Publication number: CN110349099B
Application number: CN201910523329.9A
Authority: CN
Inventors: 肖春霞; 吴文君
Original assignee: Wuhan University WHU
Current assignee: Wuhan University WHU
Priority date: 2019-06-17
Filing date: 2019-06-17
Publication date: 2021-04-02
Anticipated expiration: 2039-06-17
Also published as: CN110349099A

Abstract

The invention discloses a video shadow detection and elimination method based on depth information, which comprises the steps of firstly estimating normal information and point cloud position information of each pixel point by utilizing the depth information of an image, estimating a shadow confidence value of each pixel point by comparing the characteristic similarity between each pixel point and a space-time local neighborhood pixel point in a video stream, further optimizing the shadow confidence by utilizing a Laplace operator to obtain a final shadow detection result, and finally constructing an illumination recovery optimization equation based on the video stream by utilizing the shadow detection result to obtain a final shadow elimination result.
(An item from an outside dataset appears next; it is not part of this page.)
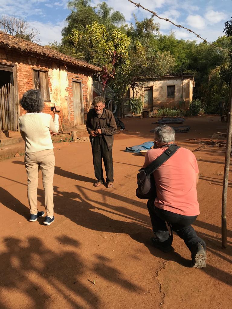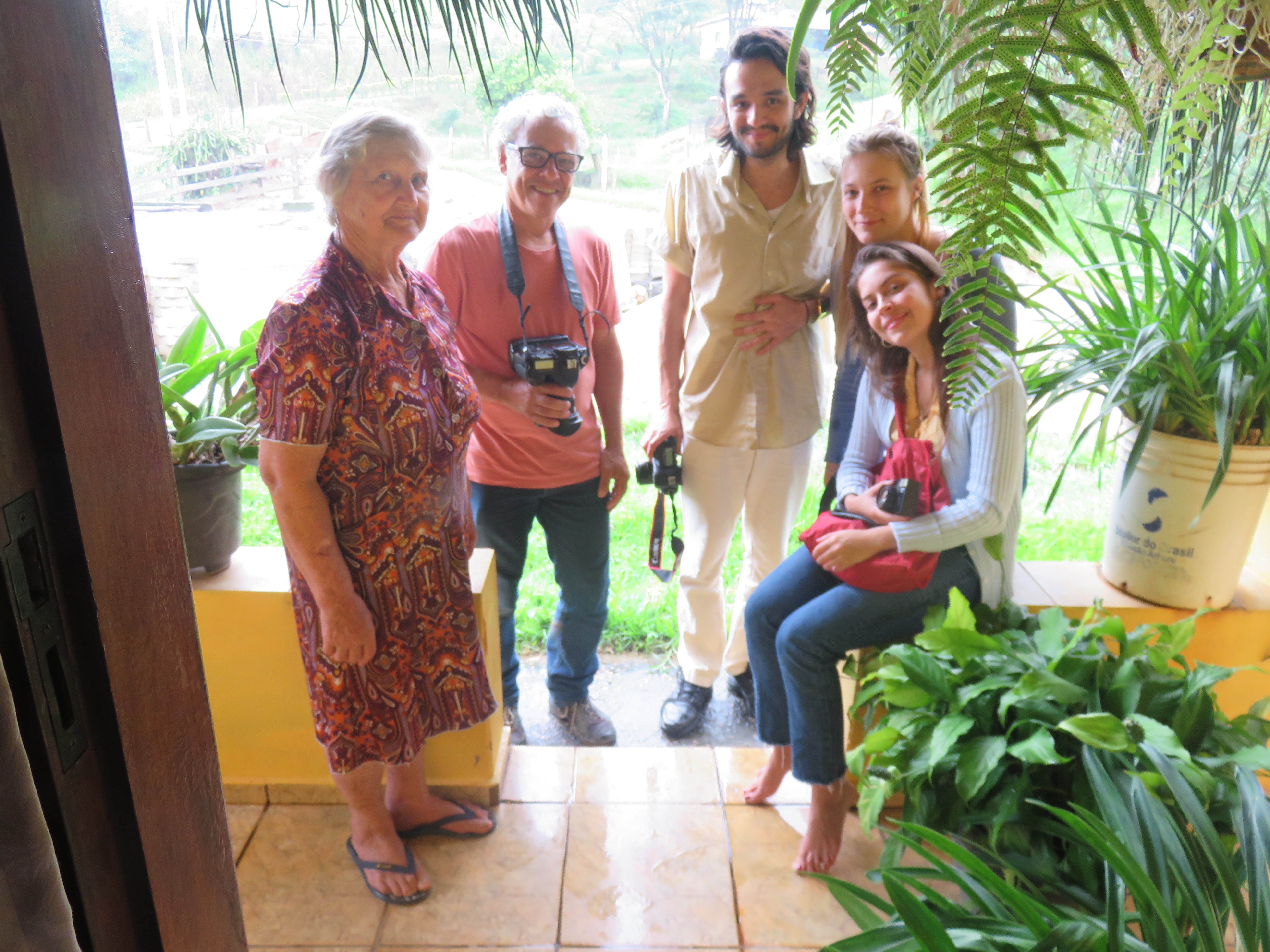 Da direita para a esquerda : Mestra Dona Leonor, D. Neusa, Rainha da Congada de S. Benedito e do Divino Espírito Santo de Socorro, Marinilda B. Boulay, Presidente do ITC,  Bruno Boulay, em primeiro plano Mestre Pedro. Ao fundo vemos os congos.

The invention has the following advantages: the texture filtering is utilized to effectively reduce the interference of texture information on shadow detection, the Laplace operator is utilized to optimize the initial shadow confidence coefficient to obtain a more perfect shadow detection result, the chromaticity constraint and the correlation of the previous frame and the next frame are utilized to eliminate the shadow, and the chromaticity invariance and the interframe continuity of the result can be effectively ensured.

Description

Complex scene video shadow detection and elimination method

Technical Field

The invention belongs to the technical field of video processing, and particularly relates to a method for detecting and eliminating video shadows of a complex scene.

Background

Shadows are common natural phenomena in our daily lives, and they can provide important information for understanding of visual scenes, such as lighting environment, scene geometry, and the like. The information plays an important role in illumination analysis, relighting, augmented reality and other applications. Therefore, effectively detecting and eliminating shadows is an important topic in the field of computer vision. However, it is a very difficult task to automatically detect and eliminate the shadow, which is not only affected by the local texture material information, but also needs to consider the global structure information and the illumination environment information in the scene. Most of the existing shadow detection and elimination algorithms are used for detecting and classifying shadows based on local chrominance information, gradient information and the like, and global structure information is not considered, so that the algorithms cannot effectively process complex shadows and shadows in complex scenes.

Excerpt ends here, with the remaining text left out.